液体吐出装置は、複数の駆動波形を駆動素子に選択的に印加させることで中間階調を表現し、印刷される画像の解像度を向上させている。例えば、特許文献1には、異なる吐出量となる複数の駆動波形を用いることにより、より解像度の高い画像を印刷することができる液体吐出装置が開示されている。
しかしながら、1駆動周期の駆動波形に含められる駆動波形の形状や数には限りがあり、このため、駆動素子に印加する駆動波形を増やすと駆動波形ごとに駆動波形生成回路が必要となり、液体吐出装置が大型化するという課題がある。

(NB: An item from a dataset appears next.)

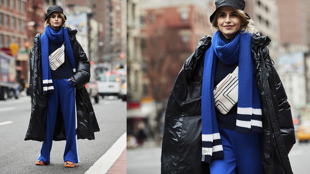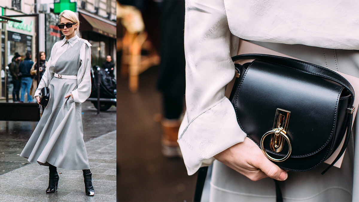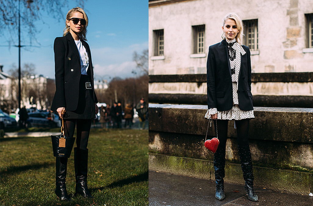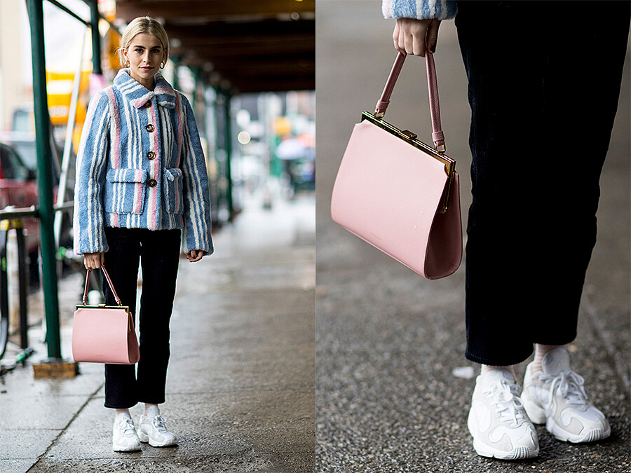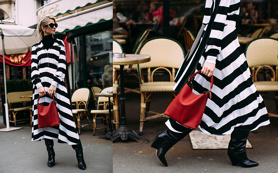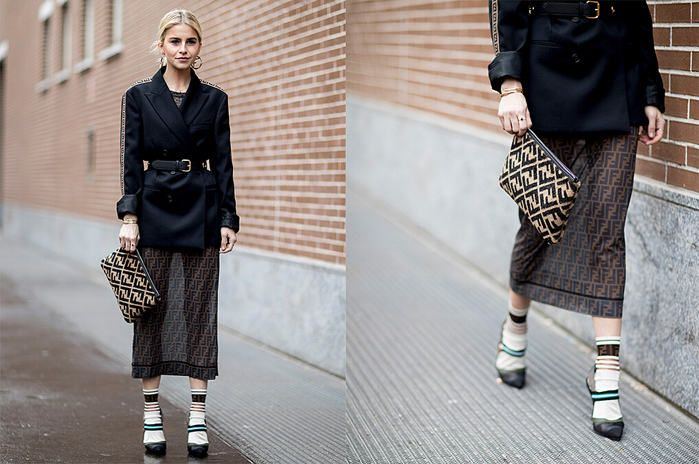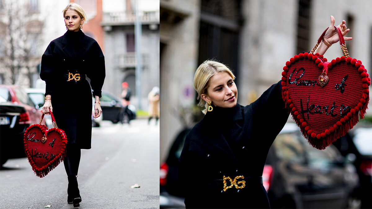 擅長抓住街拍攝影師眼球的Caroline Daur一身黑到底的羊腿袖洋裝看起來超復古之餘,混搭街頭味十足的大LOGO寬腰帶和古怪可愛的愛心包這樣的衝突感讓人一眼就愛上!

本願の液体吐出装置は、液体を吐出する開口を有するノズルと、前記ノズルに連通する圧力室と、前記ノズルから前記液体を吐出させるべく、前記圧力室内の前記液体に圧力変動を生じさせる吐出用駆動素子と、前記ノズルから前記液体を吐出させずに、前記ノズルの中の液面に振動を生じさせる水晶振動子を有する微振動用駆動素子と、前記吐出用駆動素子に供給する吐出用駆動波形を生成する吐出用駆動波形生成回路と、前記微振動用駆動素子に供給する微振動用駆動波形を生成する微振動用駆動波形生成回路と、を備えることを特徴とする。
上記の液体吐出装置において、前記微振動用駆動素子は、前記圧力室から前記ノズルの開口までの流路において、前記吐出用駆動素子よりも前記ノズルの開口側の流路に対応して設けられることが好ましい。
上記の液体吐出装置において、前記吐出用駆動素子は、前記圧力室の隔壁をなす振動板上に設けられ、前記微振動用駆動素子は、前記振動板上に設けられることが好ましい。
上記の液体吐出装置において、前記吐出用駆動波形生成回路は、前記吐出用駆動素子に供給する異なる形状の複数の駆動波形を含む前記吐出用駆動波形を出力し、前記微振動用駆動波形生成回路は、前記微振動用駆動素子に供給する一定の周期の駆動波形を出力することが好ましい。
以下、本発明の実施形態について、図面を参照して説明する。なお、以下に述べる実施形態では、本発明の好適な具体例として種々の限定がされているが、本発明の範囲は、以下の説明において特に本発明を限定する旨の記載がない限り、これらの態様に限られるものではない。また、以下の各図においては、各層や各部材を認識可能な程度の大きさにするため、各層や各部材の尺度を実際とは異ならしている。
(第1実施形態)
図1は、液体吐出装置としてのプリンターの構成の一例を示す正面図である。以下、プリンターの構成を、図1を参照しながら説明する。
図1は、液体吐出装置としてのプリンターの構成の一例を示す正面図である。以下、プリンターの構成を、図1を参照しながら説明する。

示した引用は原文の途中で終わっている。